The most common solution that probably most of you know is called API Hooking, a technique which consists in the fact that the libraries function calls redirect to your code. Most popular API hooking libraries are Microsoft Detours (usef frequently for game hacks), but the price tag on this commercial library is set to 9,999.95 USD (around 31737 PLN!), for Delphi we can find madCodeHook library, its price is € 349 for commercial usage. Beside mentioned libraries, there are many other and free libraries.

API hooking for loaded DLL libraries and their functions works by patching (overwriting) first bytes of the function prologue code we want to hook with a JMP NEAR instruction to our code, encoded in hex as E9 xx xx xx xx ). It looks like this:

Image 1. Function before and after setting the hook.

After the control is passed back to our function, usually we can run our own code, run the original function and return back to the code that invoked the original function from the DLL library.

API Hooking can cause several problems, it’s all related to the structure of the compiled applications and the structure of its code, problem occurs when we would like to invoke original function from the hook itself (usually this would end as an infinite loop), in those cases it’s necessary to create a special code chunk aka trampoline that allows to invoke original function code, despite the hook itself in the function body.

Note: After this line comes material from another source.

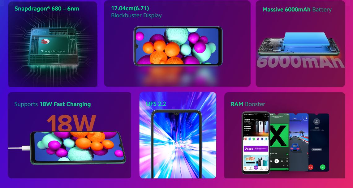 इस फोन में सेल्फी के लिए 5MP का फ्रंट कैमरा भी मिलता है।इस फोन की सबसे खास बात इसकी बड़ी बैटरी है, फोन में आपको 18W फास्ट चार्जिंग सपोर्ट के साथ 6000mAh की बैटरी भी दी गई है।

API Hooking technique is practically impossible to use in case of protected DLL libraries, when every change to the library code on the disk or in the memory is not possible when for example CRC checks are present etc.

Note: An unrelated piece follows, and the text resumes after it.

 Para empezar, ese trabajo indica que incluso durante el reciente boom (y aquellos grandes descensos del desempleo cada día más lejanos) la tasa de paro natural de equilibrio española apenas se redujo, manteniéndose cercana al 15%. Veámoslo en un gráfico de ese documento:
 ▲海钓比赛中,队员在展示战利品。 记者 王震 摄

Classic API Hooking is also not suitable for intercepting pseudofunctions exported by the DLL libraries, I’m talking about exported variables, class pointers etc., because in this type of exports there’s no way to create a classic code hook between the original function and our intercepting code (there’s no function to hook at all). This kind of problems can be solved with PE (Portable Executable) export table modification, but its less popular solution and very few hooking libraries even supports it.

DLL Forwarding

One of the creative and more troublesome ways of API hooking in DLL libraries is using internal Windows mechanism called DLL Forwarding, basically it means forwarding DLL calls to another module.

This technique is based on using replacement library, so called proxy DLL, it exports all of the original library functions and passes all of the calls to the original library except for the functions we want to hook. Function calls are passed to the original library by using barely known Windows mechanism, that lets to use other library functions like they were stored in the hooking library, but in fact their code is located in other library, that’s why the name DLL forwarding — from forwarding, redirection.

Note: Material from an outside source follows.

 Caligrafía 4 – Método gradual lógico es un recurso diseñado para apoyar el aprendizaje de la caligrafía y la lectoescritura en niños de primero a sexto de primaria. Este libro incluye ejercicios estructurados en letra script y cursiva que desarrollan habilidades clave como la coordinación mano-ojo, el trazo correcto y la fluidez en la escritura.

Function calling convention

Function calling convention is a low level way of passing parameters to the functions and stack handling mechanism before the function return. Mostly it depends on the compiler settings and in most of the high level programming languages it’s possible to change the calling convention to whatever you want, either by changing the compiler settings or by using special programming language constructs (pragmas etc.). In order for our hooking library to work correctly, its hooking functions has to use the same calling convention as the hooked functions, they just have to be binary compatible in other case it might end with an exception caused by stack damage etc.

Table 1. Function calling conventions.

Calling conventions highly depends on the compiler default settings, and for example Delphi uses register calling convention by default, for the C programming language cdecl is the default calling convention.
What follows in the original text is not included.